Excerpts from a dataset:
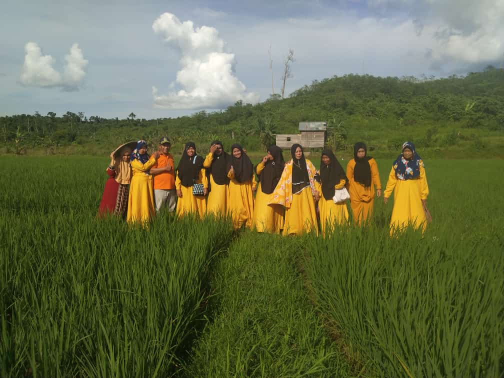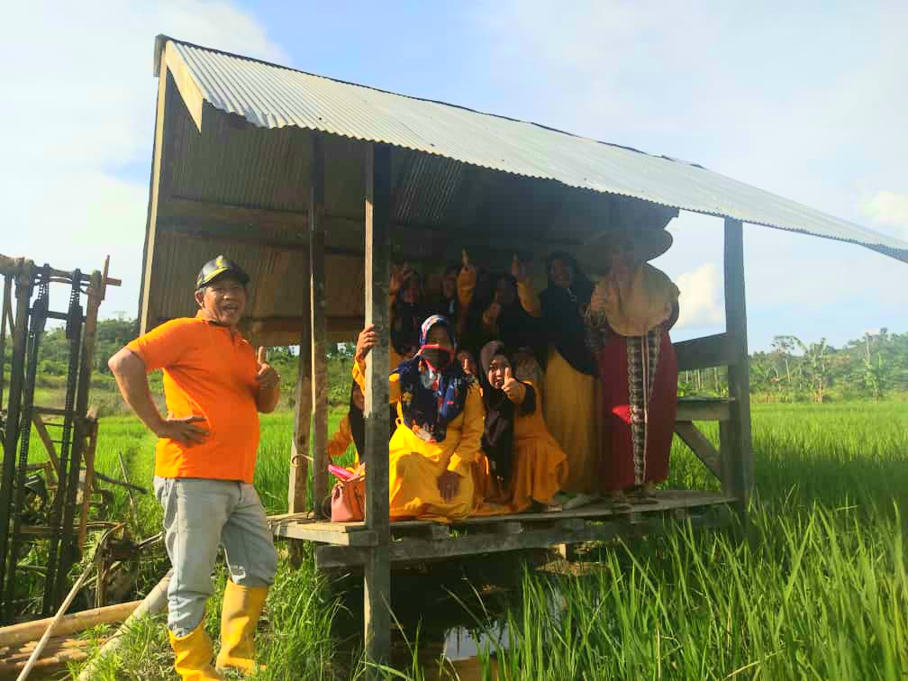 Di tengah ladang sawah majelis taklim istri tercinta Kidang lantunkan yasinan dan pujian Ilahi melalui rebana semoga barokah hasil panennya
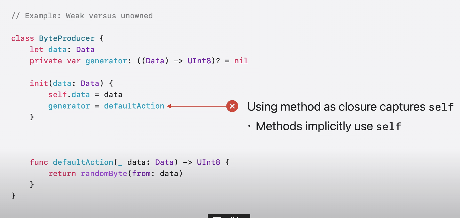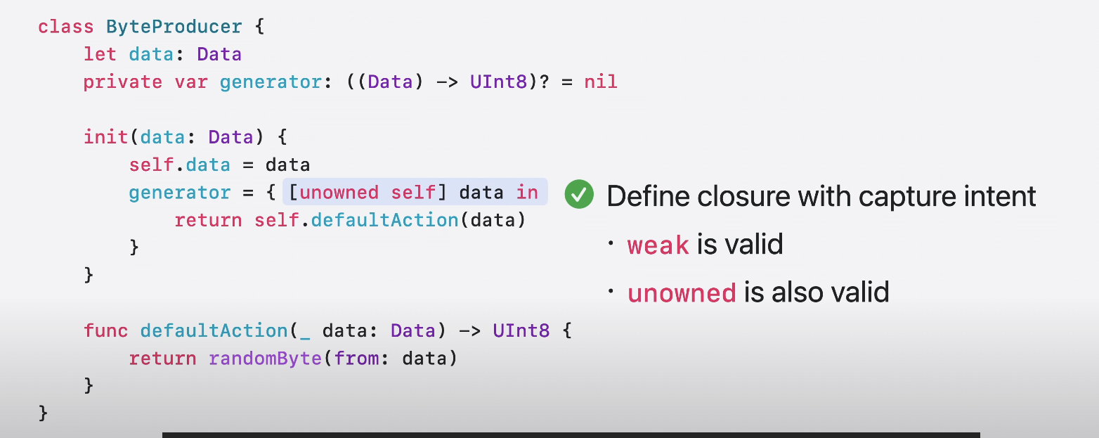 unowned가 가능한 이유는 generator closure가 참조 대상인 ByteProducer 인스턴스와 수명이 동일하기 떄문이다
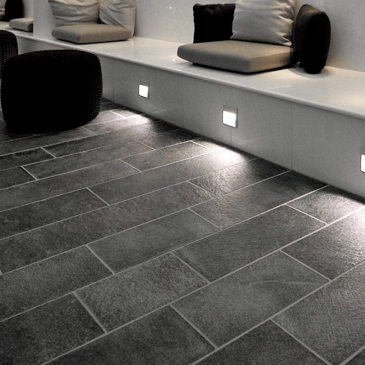 Skiffer från Offerdal håller en mörkt grå nyans som drar åt det blyertsgrå hållet. Skiffer kommer med en hel del skiftande toner och nyanser vilket bidrar till det naturliga i golvläggningen. Det är detta som gör ett skiffergolv unik och spännande. Den naturliga klovytan bidrar till en stor karaktär i hemmet, en varm känsla och en vacker ytstruktur utan att upplevas vass för foten. Plattorna kommer i fallande längder och en bredd om 200mm vilket innebär att fogarna hamnar utspritt över skifferläggningen. En del bearbetning och kapning är på sin plats för att få till ett flytande golv samt att att anpassa stenlängderna för att få till en naturlig stenläggning.
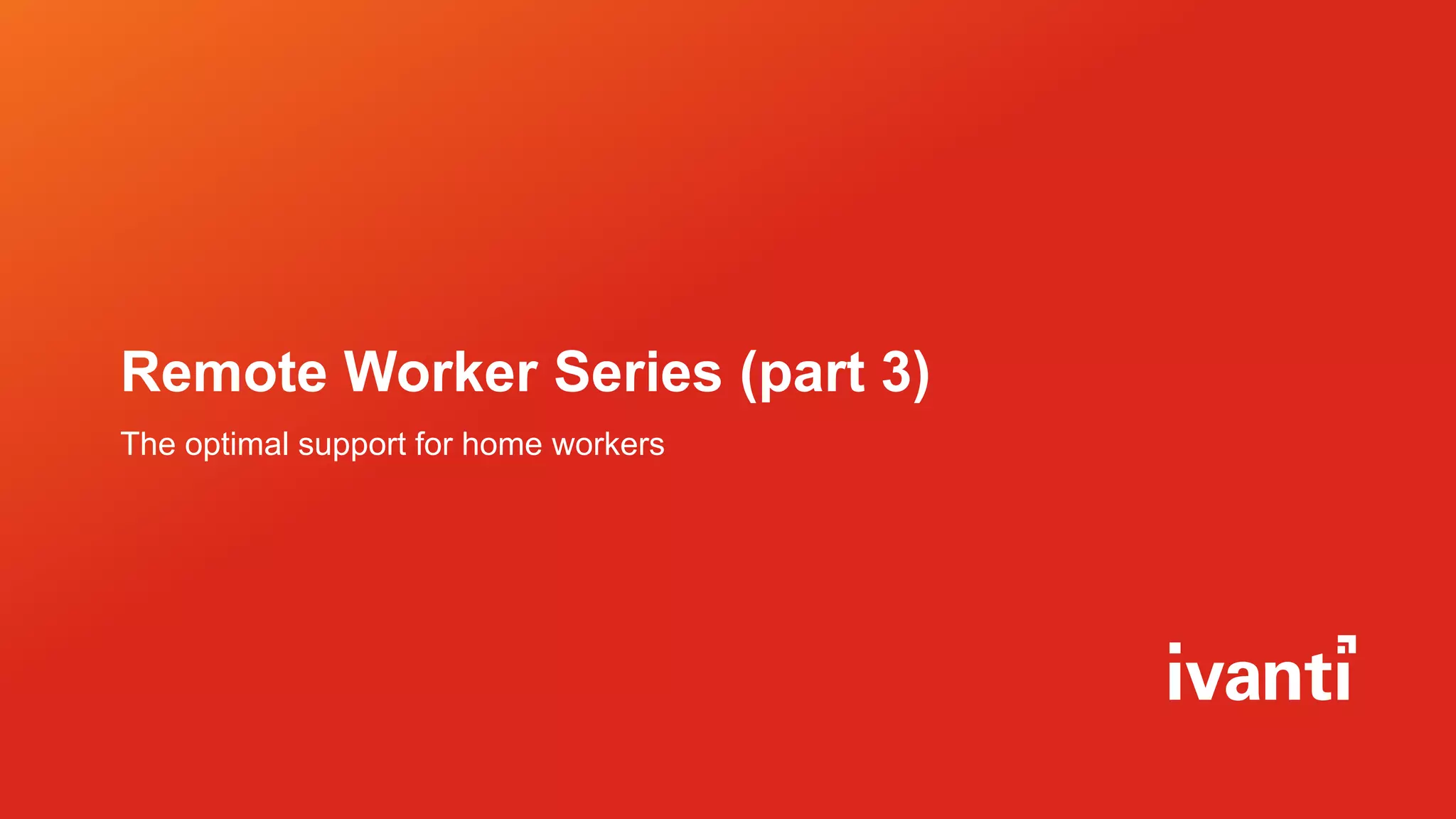 The document discusses optimal support solutions for remote workers, emphasizing the increased need for productivity and security post-COVID-19. It highlights Ivanti's comprehensive management capabilities for devices, including features like co-management, real-time insights, and automated actions. Additionally, there's a mention of a free offer for additional support until October 31, 2020, to assist organizations in managing their remote workforce.
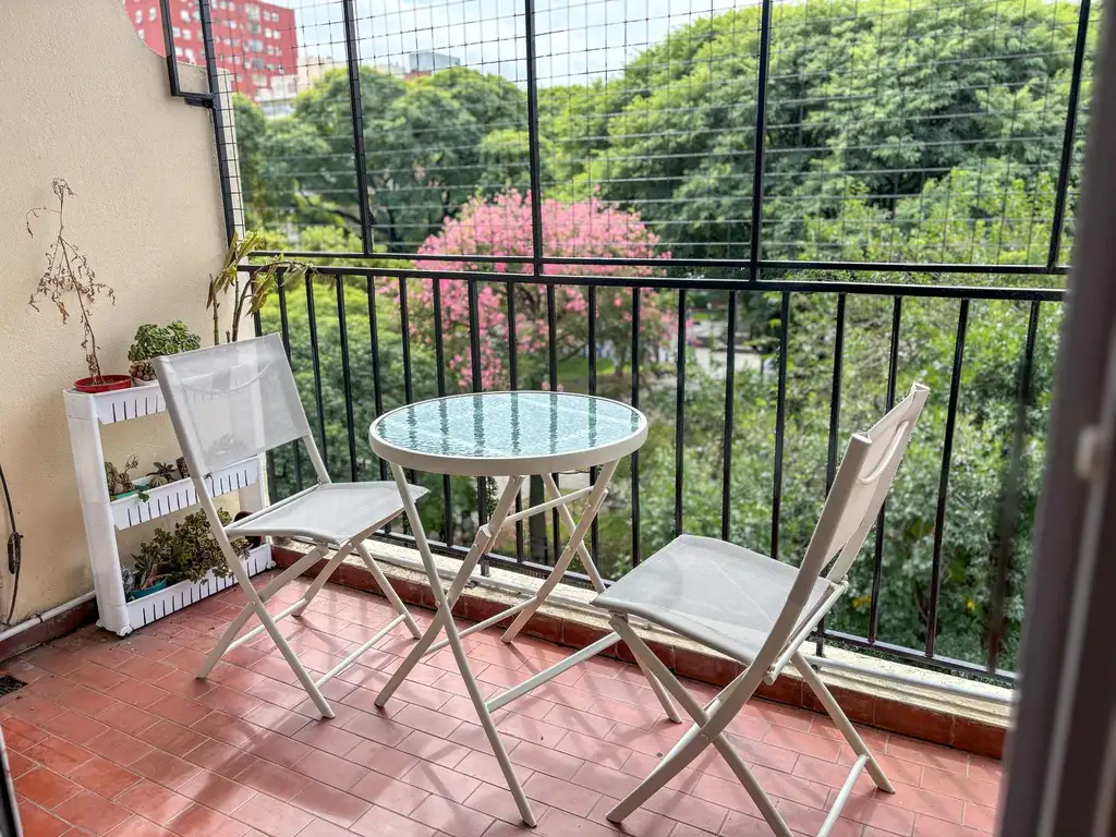 Ubicado frente a la Plaza Echeverría, en el corazón de Villa Urquiza, este departamento se destaca por su luminosidad y vista abierta al verde.
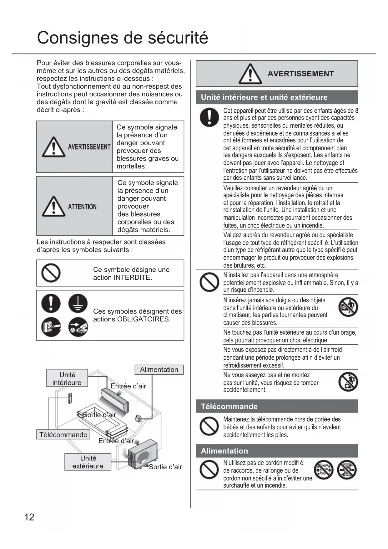 AVERTISSEMENT Unité intérieure et unité extérieure
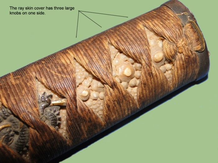The skin of a ray has different size bumps. When selecting the ray skin to cover the handle special attention
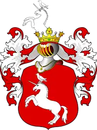 В красном поле единорог вправо, с сизым голубем на голове. В навершии шлема выходящий единорог.
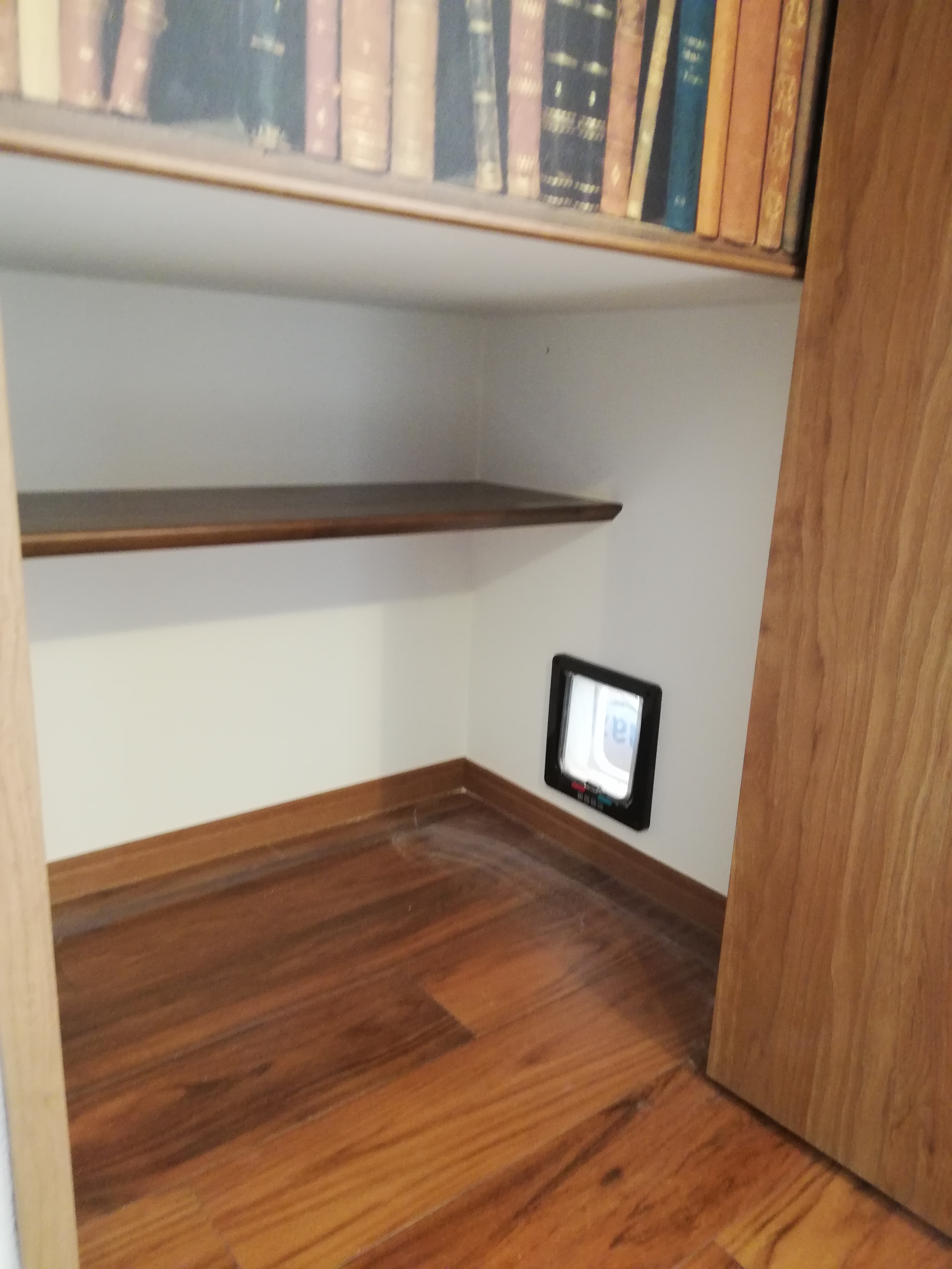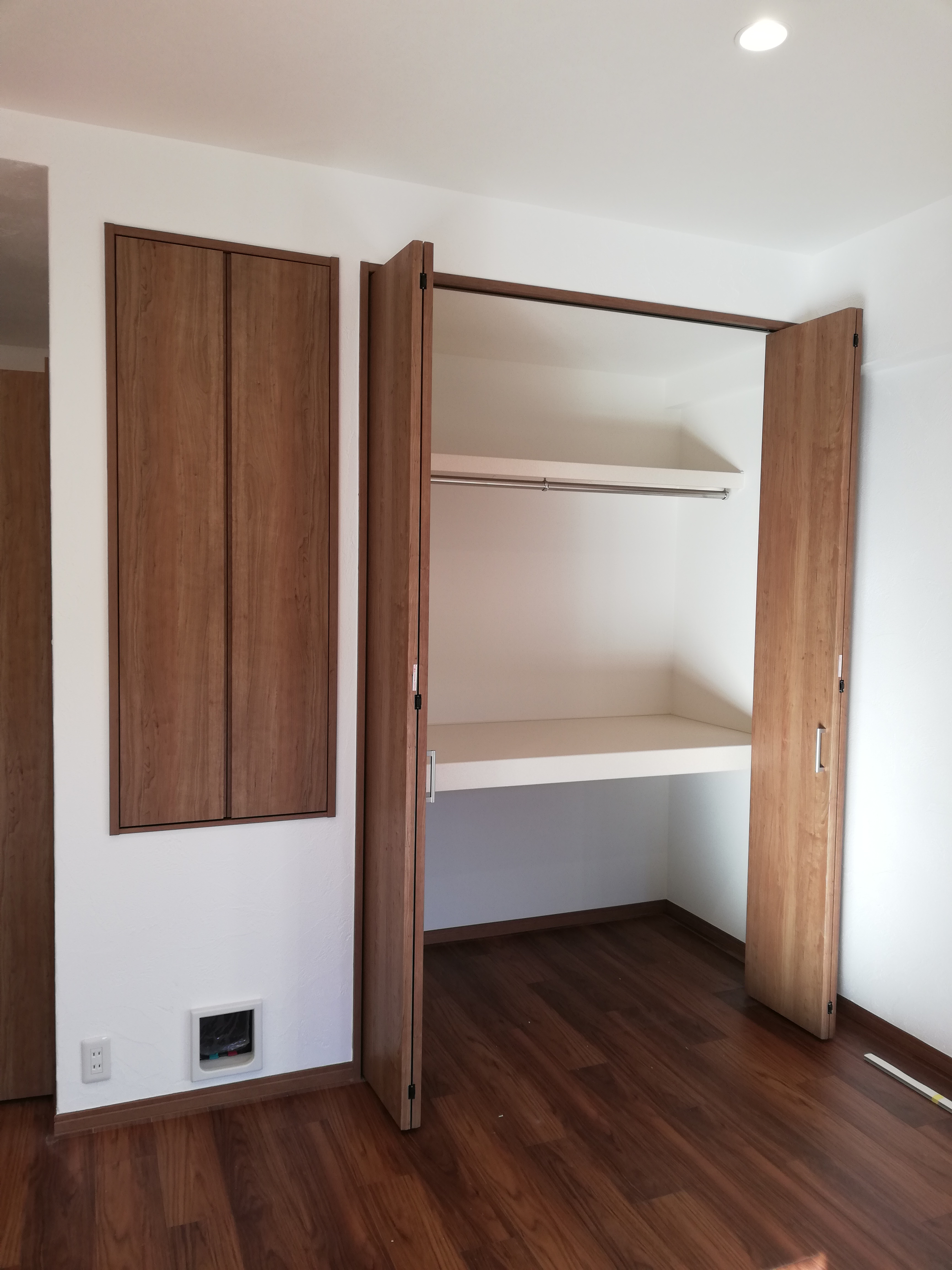くうちゃんのお世話は側面の収納扉を開けてできるよう計画しました。
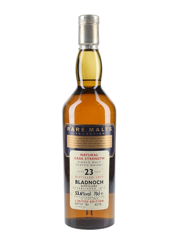 A bottle of Bladnoch 23 Year Old. This was distilled in 1977 and bottled in October 2001 as part of Diageo's now-discontinued Rare Malts Selection.

> TASK: Give again, word for word, every line from the top of the data through the line with "くうちゃんのお世話は側面の収納扉を開けてできるよう計画しました。", both ends included, and exclude the pictures.

> RESPONSE TO THE TASK:
 Di tengah ladang sawah majelis taklim istri tercinta Kidang lantunkan yasinan dan pujian Ilahi melalui rebana semoga barokah hasil panennya
 unowned가 가능한 이유는 generator closure가 참조 대상인 ByteProducer 인스턴스와 수명이 동일하기 떄문이다
 Skiffer från Offerdal håller en mörkt grå nyans som drar åt det blyertsgrå hållet. Skiffer kommer med en hel del skiftande toner och nyanser vilket bidrar till det naturliga i golvläggningen. Det är detta som gör ett skiffergolv unik och spännande. Den naturliga klovytan bidrar till en stor karaktär i hemmet, en varm känsla och en vacker ytstruktur utan att upplevas vass för foten. Plattorna kommer i fallande längder och en bredd om 200mm vilket innebär att fogarna hamnar utspritt över skifferläggningen. En del bearbetning och kapning är på sin plats för att få till ett flytande golv samt att att anpassa stenlängderna för att få till en naturlig stenläggning.
 The document discusses optimal support solutions for remote workers, emphasizing the increased need for productivity and security post-COVID-19. It highlights Ivanti's comprehensive management capabilities for devices, including features like co-management, real-time insights, and automated actions. Additionally, there's a mention of a free offer for additional support until October 31, 2020, to assist organizations in managing their remote workforce.
 Ubicado frente a la Plaza Echeverría, en el corazón de Villa Urquiza, este departamento se destaca por su luminosidad y vista abierta al verde.
 AVERTISSEMENT Unité intérieure et unité extérieure
The skin of a ray has different size bumps. When selecting the ray skin to cover the handle special attention
 В красном поле единорог вправо, с сизым голубем на голове. В навершии шлема выходящий единорог.
くうちゃんのお世話は側面の収納扉を開けてできるよう計画しました。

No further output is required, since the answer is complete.